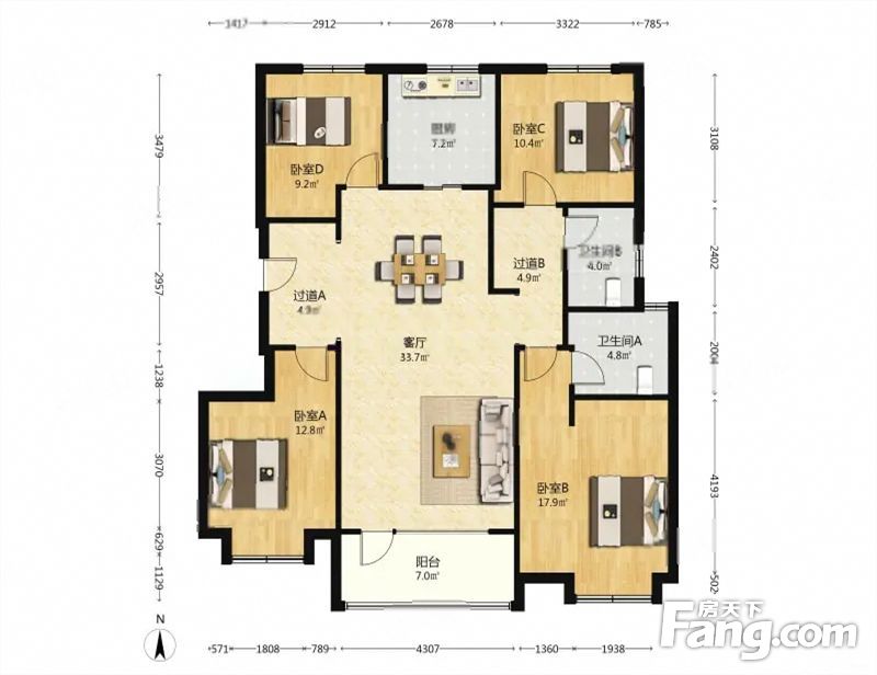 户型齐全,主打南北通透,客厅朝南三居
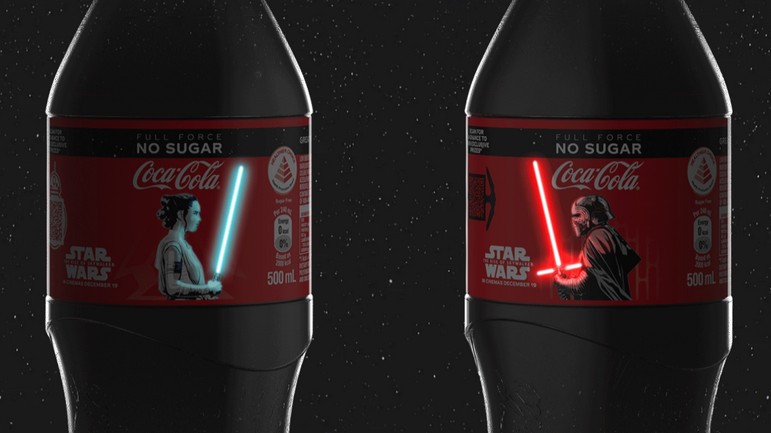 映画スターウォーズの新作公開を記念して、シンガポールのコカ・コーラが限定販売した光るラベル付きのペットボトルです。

● ● ●

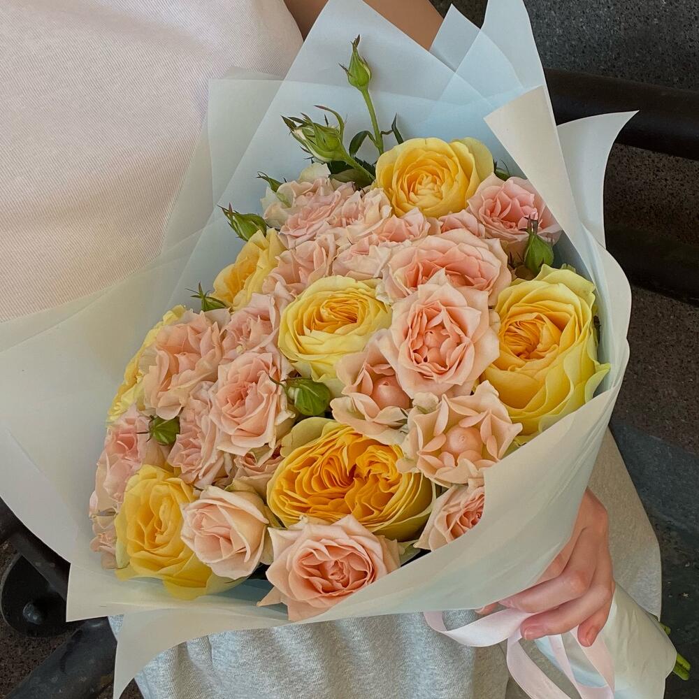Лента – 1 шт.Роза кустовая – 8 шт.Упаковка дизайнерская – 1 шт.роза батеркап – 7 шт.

● ● ●

Reproduce exactly the lines above starting at the line containing "户型齐全,主打南北通透,客厅朝南三居" and ending at the line containing "映画スターウォーズの新作公開", including both, but not the pictures.

 户型齐全,主打南北通透,客厅朝南三居
 映画スターウォーズの新作公開を記念して、シンガポールのコカ・コーラが限定販売した光るラベル付きのペットボトルです。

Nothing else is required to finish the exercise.